§ **WHAT TO DO**: Down to the last line, restate the records word for word, but not the pictures.

§ **THE DATA**:
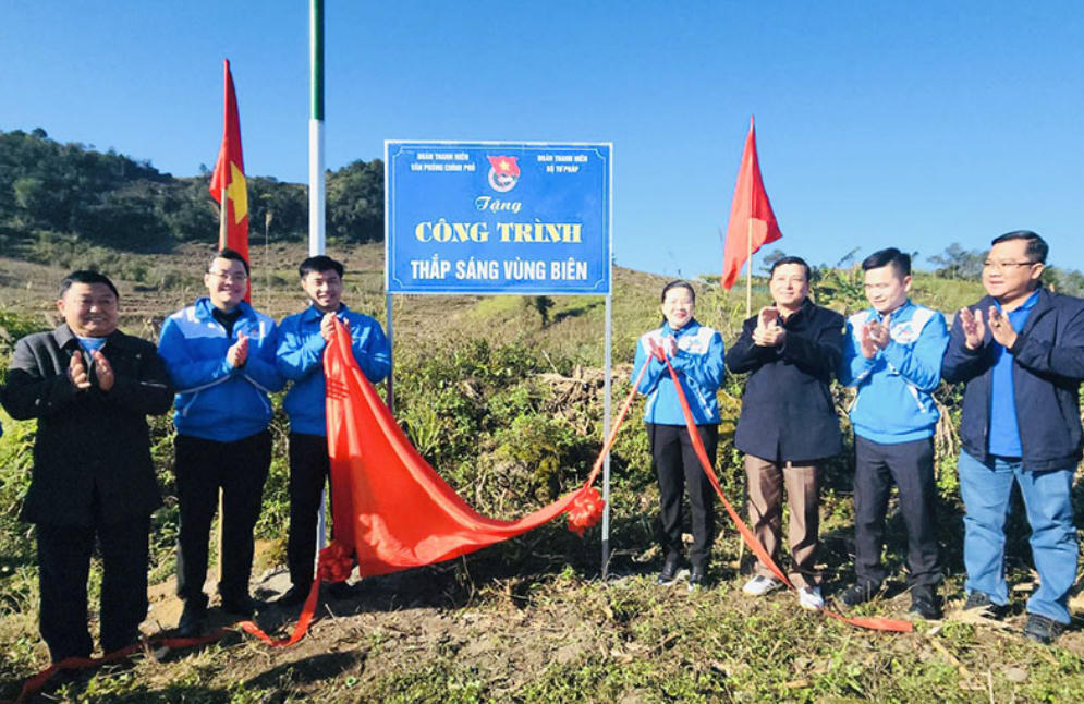 Nhân dịp này, Đoàn công tác cũng đã tổ chức Lễ dâng hương tại Nghĩa trang liệt sỹ Quốc gia Vị Xuyên, Đài hương 468; thăm, tặng quà, động viên cán bộ chiến sỹ đồn biên phòng Thanh Thủy, đồn biên phòng Lũng Cú, tổ chức lễ chào cờ tại Cột cờ Lũng Cú trên đỉnh núi Rồng linh thiêng nơi địa đầu của Tổ quốc và cắt băng khánh thành công trình “Thắp sáng biên cương” đây là công trình thanh niên chào mừng thành công Đại hội Đoàn các cấp và Đại hội Đoàn toàn quốc lần thứ XII với mong muốn công trình sẽ góp phần chung sức cùng cấp ủy, chính quyền địa phương sớm hoàn thành các tiêu chí về xây dựng nông thôn mới và thuận lợi cho việc đi lại của người dân trong xã và tuần tra biên giới của cán bộ chiến sỹ Đồn biên phòng.
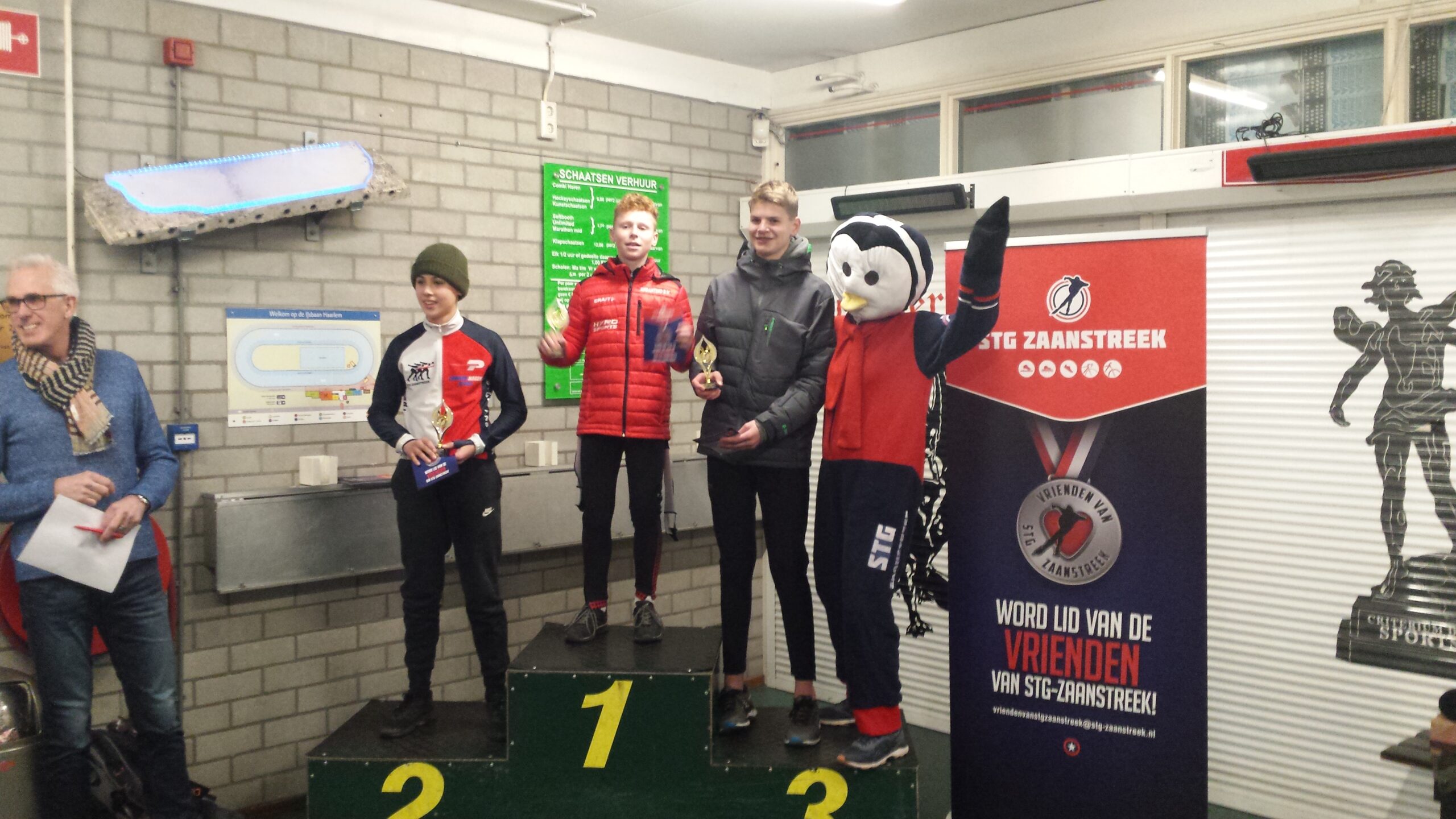 Aan het eind van de avond konden er vele glimmende prijzen mee naar huis en stond het podium telkens weer vol met nieuwe snelheidsduivels. Sven-Yvo Stoop en Miranda Dekker kunnen zich wederom een jaar sprintkampioen en -kampioene van de Zaanstreek kronen, en ook de pinguïn mascotte heeft zich wederom kostelijk vermaakt.
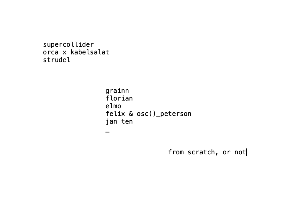 TOPLAP Karlsruhe showcase with Attrique Orgeat, dkyuh, Elmo, luiiuuuiiiii, Lukijanova, Michele Samarotto and Okbaj. » More info - Sunday, February 27th 2022
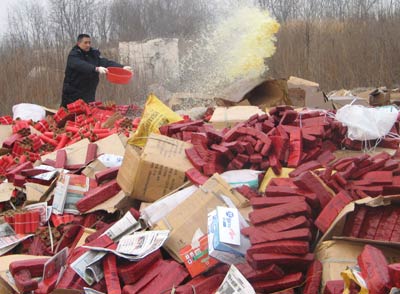 A police officer pours diesel oil on fireworks of low quality before setting them on fire in Xi'an, Northwest China's Shaanxi Province January 25, 2005. More than 2,000 trunk of fireworks were destroyed in the action. [newsphoto]
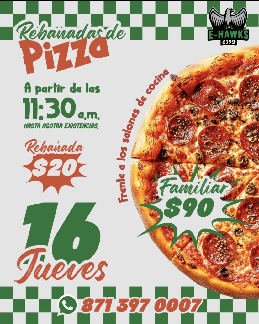 El costo de la pizza completa de pepperoni es de 90 pesos, mientras que la rebanada tendrá un precio de 20 pesos. A través de estas iniciativas, los integrantes del equipo buscan el respaldo de la comunidad universitaria y de la sociedad en general.

§ **RESPONSE TO THE EXERCISE**:
 Nhân dịp này, Đoàn công tác cũng đã tổ chức Lễ dâng hương tại Nghĩa trang liệt sỹ Quốc gia Vị Xuyên, Đài hương 468; thăm, tặng quà, động viên cán bộ chiến sỹ đồn biên phòng Thanh Thủy, đồn biên phòng Lũng Cú, tổ chức lễ chào cờ tại Cột cờ Lũng Cú trên đỉnh núi Rồng linh thiêng nơi địa đầu của Tổ quốc và cắt băng khánh thành công trình “Thắp sáng biên cương” đây là công trình thanh niên chào mừng thành công Đại hội Đoàn các cấp và Đại hội Đoàn toàn quốc lần thứ XII với mong muốn công trình sẽ góp phần chung sức cùng cấp ủy, chính quyền địa phương sớm hoàn thành các tiêu chí về xây dựng nông thôn mới và thuận lợi cho việc đi lại của người dân trong xã và tuần tra biên giới của cán bộ chiến sỹ Đồn biên phòng.
 Aan het eind van de avond konden er vele glimmende prijzen mee naar huis en stond het podium telkens weer vol met nieuwe snelheidsduivels. Sven-Yvo Stoop en Miranda Dekker kunnen zich wederom een jaar sprintkampioen en -kampioene van de Zaanstreek kronen, en ook de pinguïn mascotte heeft zich wederom kostelijk vermaakt.
 TOPLAP Karlsruhe showcase with Attrique Orgeat, dkyuh, Elmo, luiiuuuiiiii, Lukijanova, Michele Samarotto and Okbaj. » More info - Sunday, February 27th 2022
 A police officer pours diesel oil on fireworks of low quality before setting them on fire in Xi'an, Northwest China's Shaanxi Province January 25, 2005. More than 2,000 trunk of fireworks were destroyed in the action. [newsphoto]
 El costo de la pizza completa de pepperoni es de 90 pesos, mientras que la rebanada tendrá un precio de 20 pesos. A través de estas iniciativas, los integrantes del equipo buscan el respaldo de la comunidad universitaria y de la sociedad en general.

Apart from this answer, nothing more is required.